Im Obergeschoss trifft man auf Werke, die man als tachistisch bezeichnen würde, wüsste man nicht, dass sie weniger ein Produkt subjektiver Expression als vielmehr des (objektiven?) Zufalls sind. Bernard Tagwerker, der von 1976 bis 1985 in New York ansässig war, beschäftigte sich schon früh mit rechnerischen Systemen. Bevor er selber zu programmieren begann, verwendete er Zahlenraster, um seine «Konstellationen» (1977/78) nach der Zufallsmethode zu schaffen. Über die Linienführung entschied das Los, und die Wahl der Farbe traf der Würfel. Heute arbeitet Tagwerker mit neuronalen Systemen (solche, die nicht hinzulernen, sondern vergessen), und die «handwerkliche» Ausführung erbringt der Plotter.

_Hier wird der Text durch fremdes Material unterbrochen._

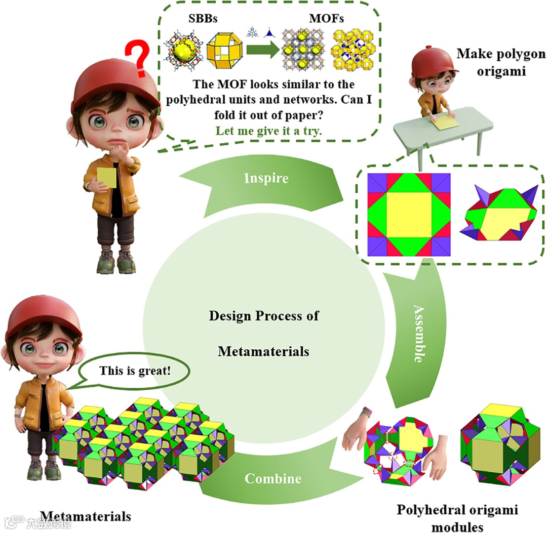 折纸工程化实现:将MOF的分子构筑单元概念转化为宏观的、可折叠的多面体折纸单元。
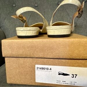 New in box! Size 37, 7. These cream flats from Anthropologie feature a sophisticated pointed toe and a textured finish, perfect for adding elegance to any outfit. The open back with a slingback strap offers a chic and modern touch, making them ideal for both formal and casual occasions.
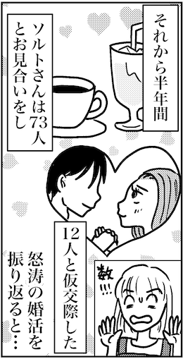 サイゾーウーマンカルチャーマンガ半年で73人とお見合い! カルチャー まんが『オバサンと言われても結婚したい!』読者編 【アラフォー婚活ルポ】半年で73人とお見合い、12人と仮交際! 2024/11/10 13:30 白戸ミフル(マンガ家) オバサンと言われても結婚したい! 半年以内に結婚相手を連れてきます! 次のページ 月に10人以上とお見合い 前のページ123次のページ 関連記事 【アラフォー婚活ルポ】「お前、もう結婚はあきらめたのか?」【アラフォー婚活ルポ】姉がアプリでゲットした再婚相手に驚き!【アラフォー婚活ルポ】バリキャリになりたいわけじゃないし、結婚はしたい【アラフォー婚活ルポ】運命だって言ってくれたのに【アラフォー婚活ルポ】オッパイのこと? 大丈夫だろ~? その他の作品を読む
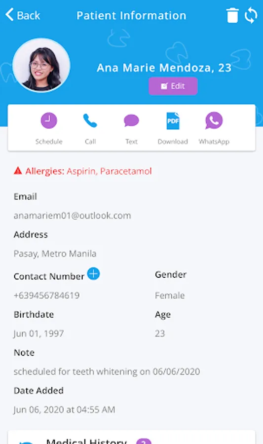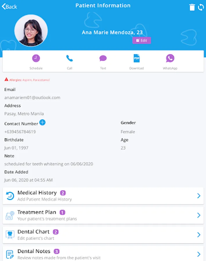 ● Keep track of your patients’ Personal Information, Medical History, Multi-teeth Dental Charting, Dental Notes, Photos, and Cash Payments.
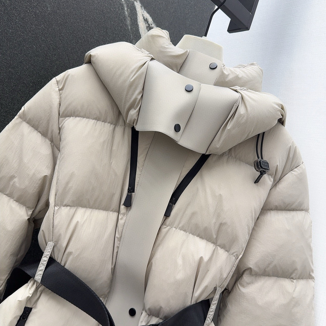 Burberry 25 Hooded Short Down Jacket with Adjustable Waist White Polyester
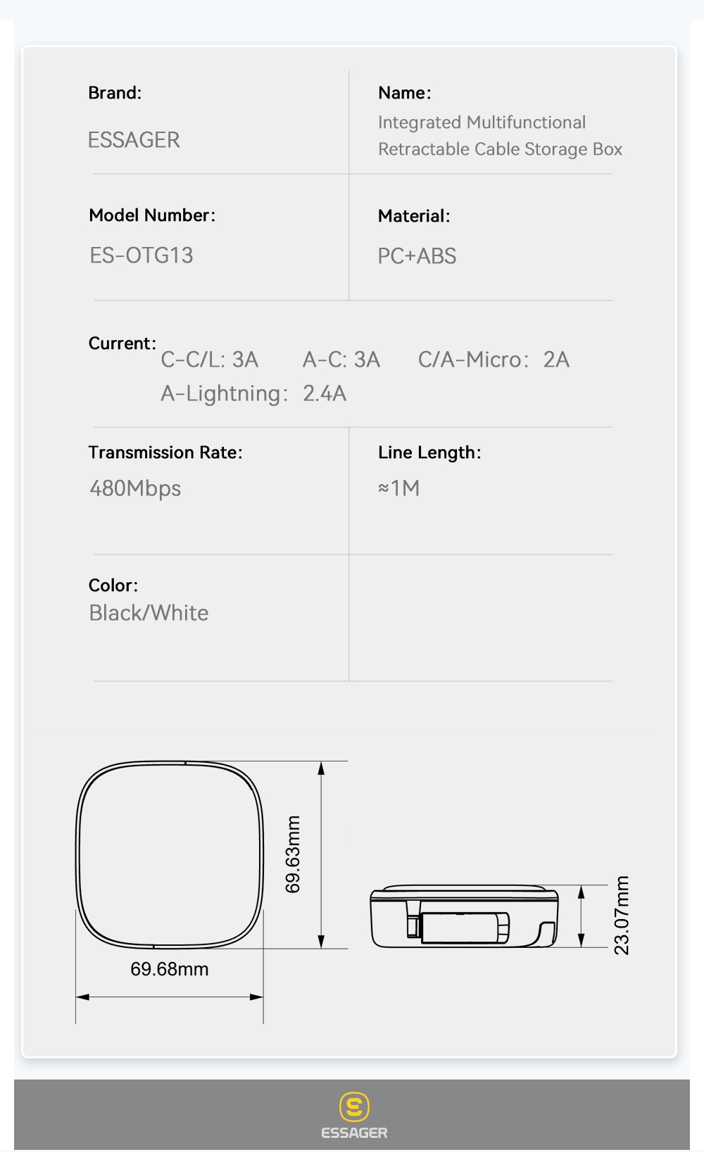 • Charge rapide USB-C :Profitez d'une charge rapide avec ce câble USB-C vers Type-C de ESSAGER. Idéal pour les téléphones Xiaomi Little Fast Charging Data Travel Multi Functional Cord avec porte-boîte de rangement.
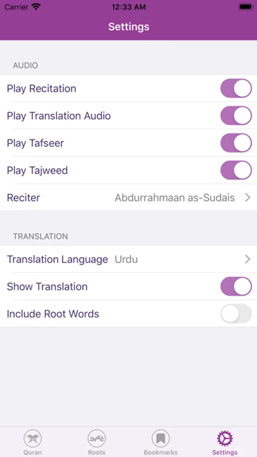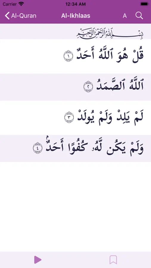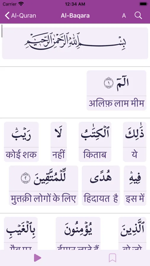 § Tap on any verse and press play button to listen to its audio translation, tafsir or recitation

Als Judit Villiger von 1996 bis 2000 in New York weilte, waren ihre Oasen Parkanlagen, aber auch Museen, wo sie die Tiere ausgestopft vorfand. Über die kultivierte und konservierte Natur fand sie zur künstlichen Natur. «Jardin des Plantes» (2010) ist eine Auslegeordnung «organischer» Formen aus Polyurethanschaum, der wie die Natur selbst einem Verfallsprozess unterworfen ist.

Wissenschaftliches Interesse an Formbildung und -auflösung ist auch bei Maya Vonmoos eine wichtige Triebkraft. Ihre Animation «Cosmic Dust» (2010) veranschaulicht die Theorie, wonach Sternenstaub sich zu Materie formt und wieder zerfällt. Das Medium der Computeranimation erarbeitete sich Maya Vonmoos während einer Auszeit in New York (1993–2002). Ihre lasergesinterten Gitterobjekte knüpfen an ihr früheres Schaffen als Eisenplastikerin an.

Vertieften Einblick in die Erfahrung New York aus Künstlersicht bietet der Katalog. Mit «Boogie Woogie – NY, NY» ist ein spannendes Kapitel Schweizer Kunstgeschichte aufgeschlagen worden.